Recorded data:

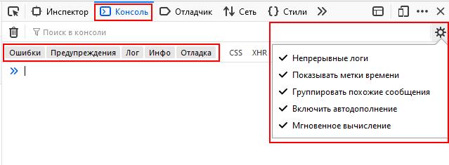 - Во вкладке Консоль нажмите
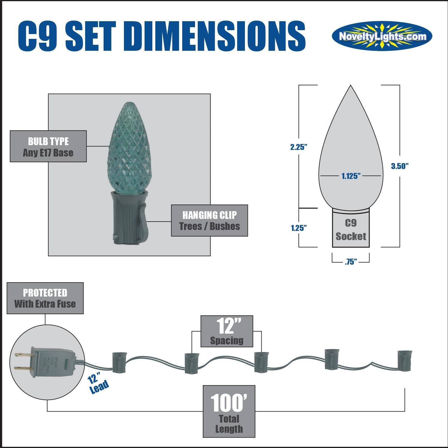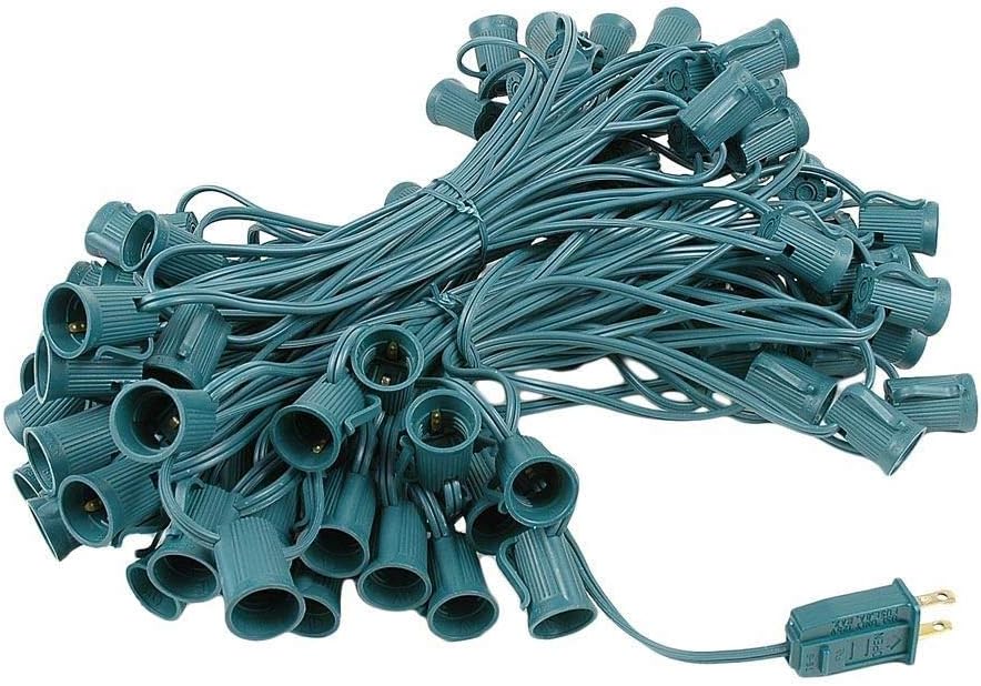 100 Foot C9 Red Ceramic Christmas String Light Set - Outdoor Christmas Light String - – Opaque Christmas Bulbs - Roofline Light String – Outdoor String Lights - Green Wire
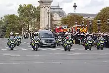 • Escorte du Président de la République française et des chefs d’États étrangers en visite officielle
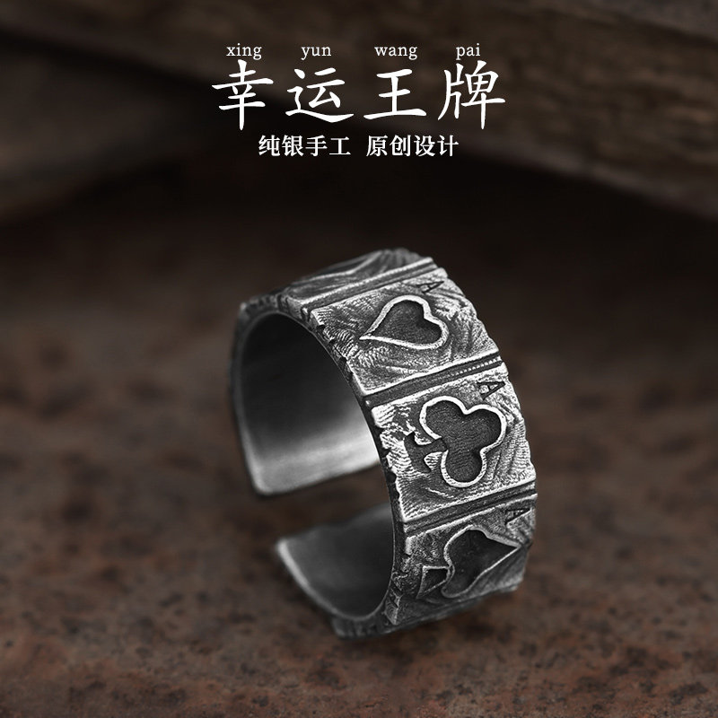 Silver original "Lucky Ace" boys' playing card ring 999 sterling silver good luck retro male niche
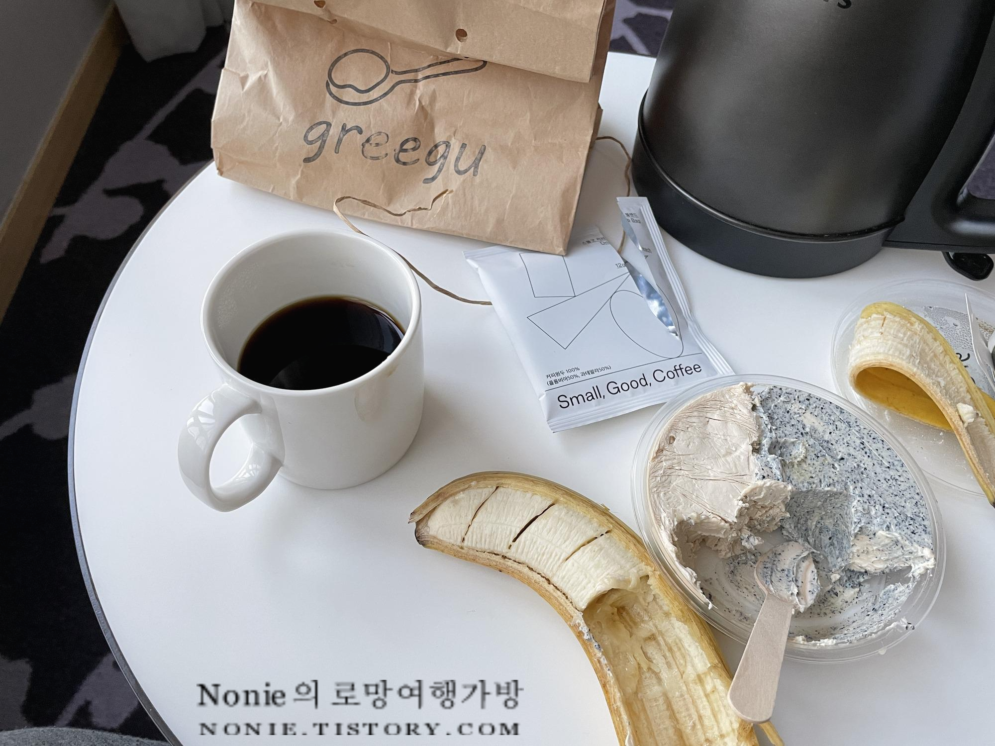 조식은 포함되어 있지 않은 투숙이어서, 전포의 '그리구 요거트'(호텔에서 도보 15분 거리)에서 사다 놓았던 두유 요거트와 1층 편의점에서 사온 바나나 등으로 조촐하게 아침을 해결했다. 수제 요거트 집에서 판매 중인 두유 요거트는 그릭 스타일이라 수분감이 거의 없는 요거트다. 2가지 맛 선택해 250g에 1만원 선으로 꽤나 가격대가 있는데다, 너무 뻑뻑해서 혼자 한 통을 다 먹는게 다소 버겁기도 했다. 이번 부산 여행에서 나름대로 잡았던 테마가 '채식'이기도 했는데, 여행 중에 삼시 세끼를 채식만 찾아다니고 준비하는 게 쉽지만은 않다는 걸 새삼 느낀다.
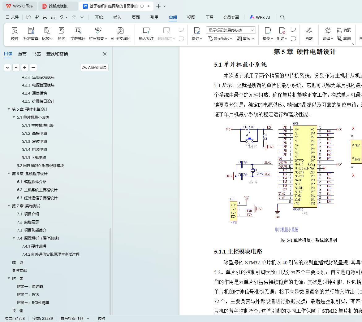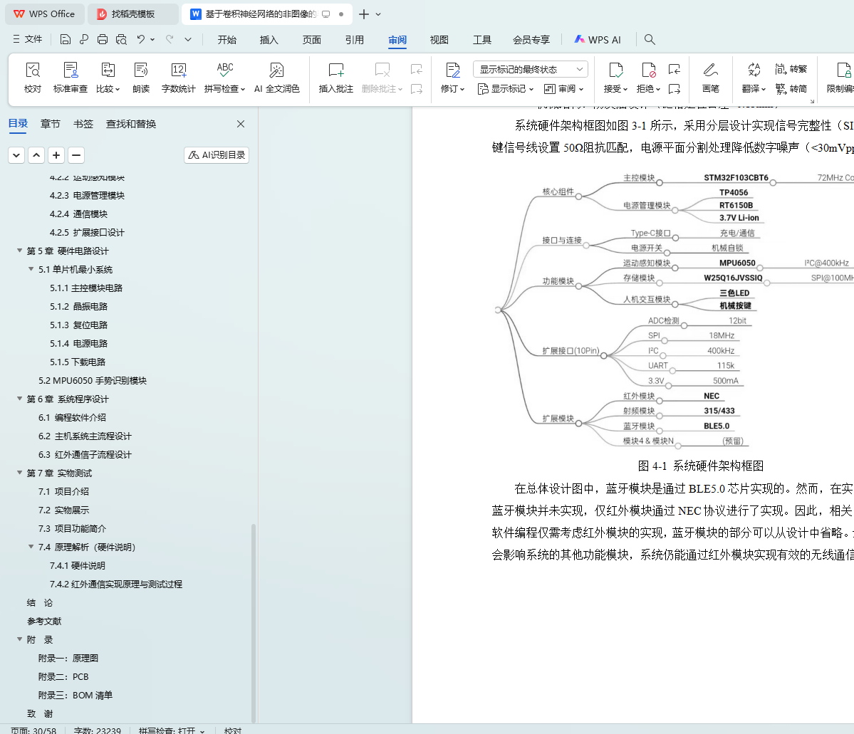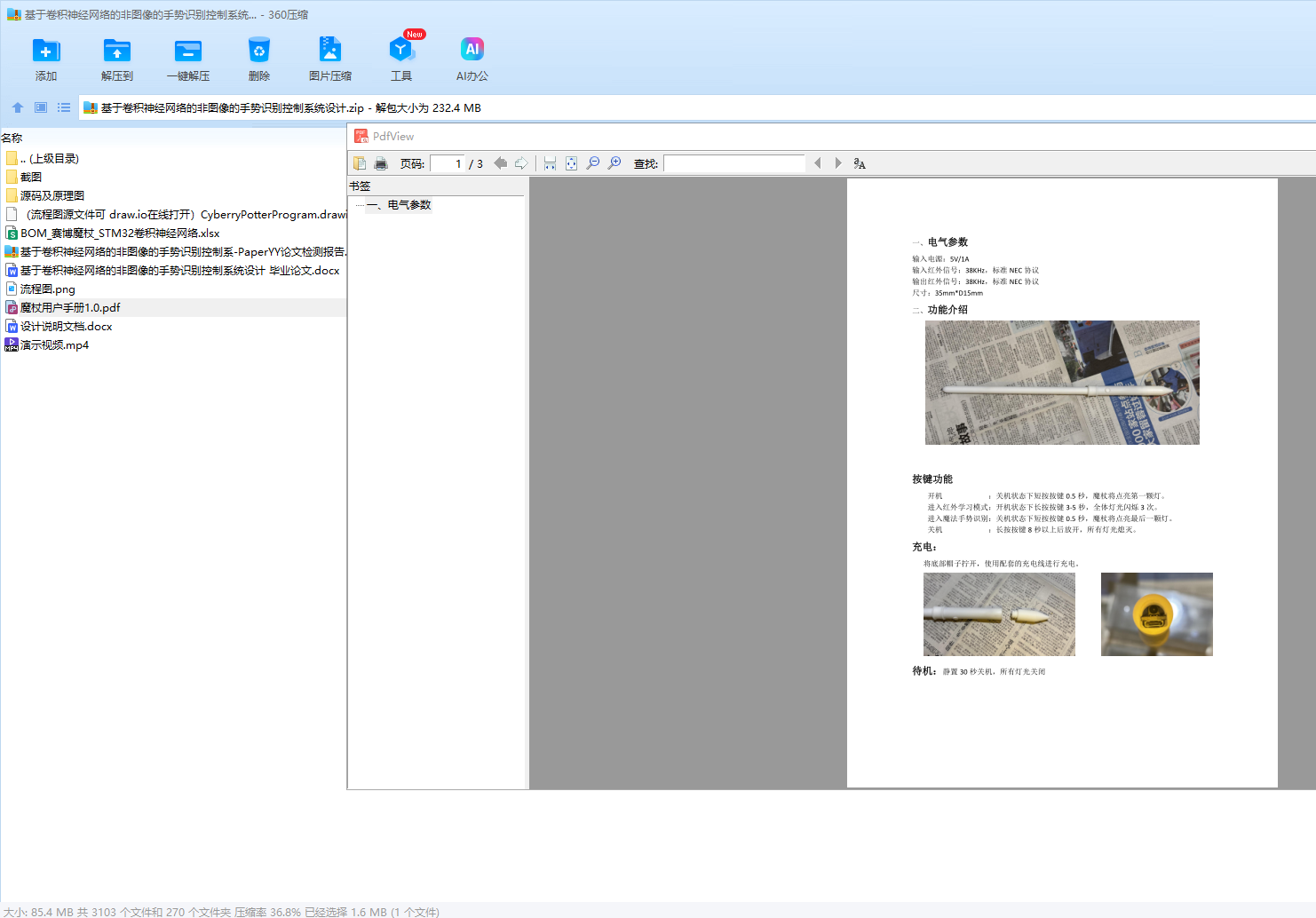 设计采用了STM32F103CBT6作为主控芯片,实现了手势数据的采集、处理与识别,以及基于识别结果对外部设备的控制。系统集成了射频遥控和蓝牙通信模块,能够识别包含10种手势的手势库,如特定字母和数字,且正确识别率控制在90%以上。此外,系统还具备高度的可扩展性,用户可以根据需要添加新的手势或功能模块。本研究不仅提高了手势识别的准确性和适应性,也为非图像手势识别技术的应用提供了新的思路和方法。
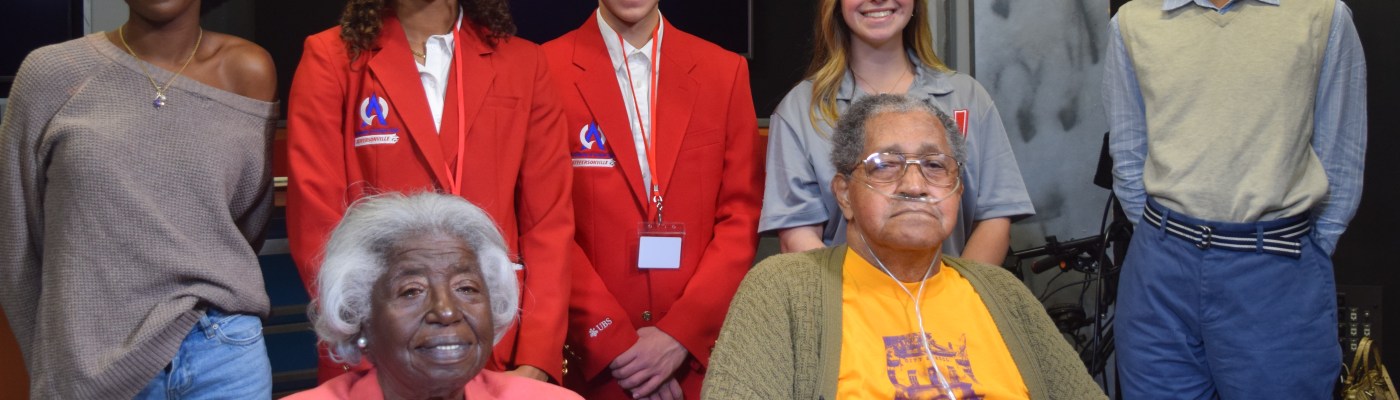 Taylor High School graduates Flora Clipper and Frank Baines join JHS Hyphen and WJHI journalists for an extensive interview Tuesday morning, Nov. 19, in the WJHI studio. Clipper graduated from Taylor High School in 1940, and Baines graduated in 1952. Photo by Ifrah Daber. Clipper and Baines with Hyphen and WJHI journalists and JHS student ambassadors, including junior Teagan Cofie, senior Avani Doogarsingh, sophomore Tristan Cooley, senior Andrea Campbell, and senior Tristan Darvin. Clipper and Baines discussed the history of Taylor High School in an extensive interview, sharing details about Clark County history and the school that was constructed to educate Clark County’s African American students. Photo by Ifrah Daber. Clipper and Baines meet with principal Pam Hall and WJHI instructor Dave Callan during their visit on Tuesday, Nov. 19. Photo by Ifrah Daber. Clipper and Baines with Hyphen and WJHI journalists Eliot Swincher and Ifrah Daber. Photo by Andrea Campbell. Basketball coach Sherron Wilkerson and senior Tre Singleton take a moment to greet Clipper and Baines. Baines played on the Taylor High School basketball team. Photo by Ifrah Daber.Baines models a Taylor High School shirt, which includes the school colors. Photo by Ifrah Daber.

Try it :: The copy must reproduce every entry exactly while excluding all pictures.

Response for this exercise ::
 - Во вкладке Консоль нажмите
 100 Foot C9 Red Ceramic Christmas String Light Set - Outdoor Christmas Light String - – Opaque Christmas Bulbs - Roofline Light String – Outdoor String Lights - Green Wire
 • Escorte du Président de la République française et des chefs d’États étrangers en visite officielle
 Silver original "Lucky Ace" boys' playing card ring 999 sterling silver good luck retro male niche
 조식은 포함되어 있지 않은 투숙이어서, 전포의 '그리구 요거트'(호텔에서 도보 15분 거리)에서 사다 놓았던 두유 요거트와 1층 편의점에서 사온 바나나 등으로 조촐하게 아침을 해결했다. 수제 요거트 집에서 판매 중인 두유 요거트는 그릭 스타일이라 수분감이 거의 없는 요거트다. 2가지 맛 선택해 250g에 1만원 선으로 꽤나 가격대가 있는데다, 너무 뻑뻑해서 혼자 한 통을 다 먹는게 다소 버겁기도 했다. 이번 부산 여행에서 나름대로 잡았던 테마가 '채식'이기도 했는데, 여행 중에 삼시 세끼를 채식만 찾아다니고 준비하는 게 쉽지만은 않다는 걸 새삼 느낀다.
 设计采用了STM32F103CBT6作为主控芯片,实现了手势数据的采集、处理与识别,以及基于识别结果对外部设备的控制。系统集成了射频遥控和蓝牙通信模块,能够识别包含10种手势的手势库,如特定字母和数字,且正确识别率控制在90%以上。此外,系统还具备高度的可扩展性,用户可以根据需要添加新的手势或功能模块。本研究不仅提高了手势识别的准确性和适应性,也为非图像手势识别技术的应用提供了新的思路和方法。
 Taylor High School graduates Flora Clipper and Frank Baines join JHS Hyphen and WJHI journalists for an extensive interview Tuesday morning, Nov. 19, in the WJHI studio. Clipper graduated from Taylor High School in 1940, and Baines graduated in 1952. Photo by Ifrah Daber. Clipper and Baines with Hyphen and WJHI journalists and JHS student ambassadors, including junior Teagan Cofie, senior Avani Doogarsingh, sophomore Tristan Cooley, senior Andrea Campbell, and senior Tristan Darvin. Clipper and Baines discussed the history of Taylor High School in an extensive interview, sharing details about Clark County history and the school that was constructed to educate Clark County’s African American students. Photo by Ifrah Daber. Clipper and Baines meet with principal Pam Hall and WJHI instructor Dave Callan during their visit on Tuesday, Nov. 19. Photo by Ifrah Daber. Clipper and Baines with Hyphen and WJHI journalists Eliot Swincher and Ifrah Daber. Photo by Andrea Campbell. Basketball coach Sherron Wilkerson and senior Tre Singleton take a moment to greet Clipper and Baines. Baines played on the Taylor High School basketball team. Photo by Ifrah Daber.Baines models a Taylor High School shirt, which includes the school colors. Photo by Ifrah Daber.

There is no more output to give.